There are a number of different projects working on new database technologies, all of which forego the stalwart relational model. Relational databases are difficult to scale, largely because distributed joins are difficult to perform efficiently. Further, mapping from the many popular dynamically-typed languages to SQL is complicated, inefficient, and time consuming. While often called the “NoSQL” movement, the need for new technologies is caused by the relational model, rather than SQL.

Beyond the relational model, there are a number of data model choices: key-value stores, tabular databases, graph databases, and document databases. Key-value stores are simple and easy to scale. If all you need is get and put access, a key-value store works great. However, most applications need more features, including secondary indexes, dynamic queries and sorting. Tabular or column databases can also scale, but don’t offer any improvement when mapping to programming languages. Document databases can be scaled and do in fact map well to programming languages.

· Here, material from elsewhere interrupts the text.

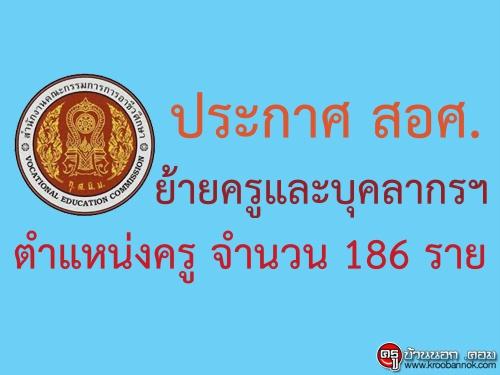 สอศ.ประกาศเรื่องย้ายและแต่งตั้งข้าราชการครูและบุคลากรทางการศึกษา ตำแหน่งครู จำนวน 186 ราย

MongoDB (from “humongous”) is a document database designed to be easy to work with, fast, and very scalable. It was also designed to be ideal for website infrastructure. It is perfect for user profiles, sessions, product information, and all forms of Web content (blogs, wikis, comments, messages, and more). It’s not great for transactions or perfect durability, as required by something like a banking system. Good fits for MongoDB include applications with complex objects or real-time reporting requirements, and agile projects where the underlying database schema changes often. MongoDB does not suit software with complex (multiple object) transactions.

Inside MongoDB

MongoDB stores BSON, essentially a JSON document in an efficient binary representation with more data types. BSON documents readily persist many data structures, including maps, structs, associative arrays, and objects in any dynamic language. Using MongoDB and BSON, you can just store your class data directly in the database, removing a whole slew of problems. MongoDB is also schema-free. You can add fields whenever you need to without performing an expensive change on your database. Adding fields is also quick, which is ideal for agile environments. You need not revise schemas from staging to production or have scripts ready roll changes back.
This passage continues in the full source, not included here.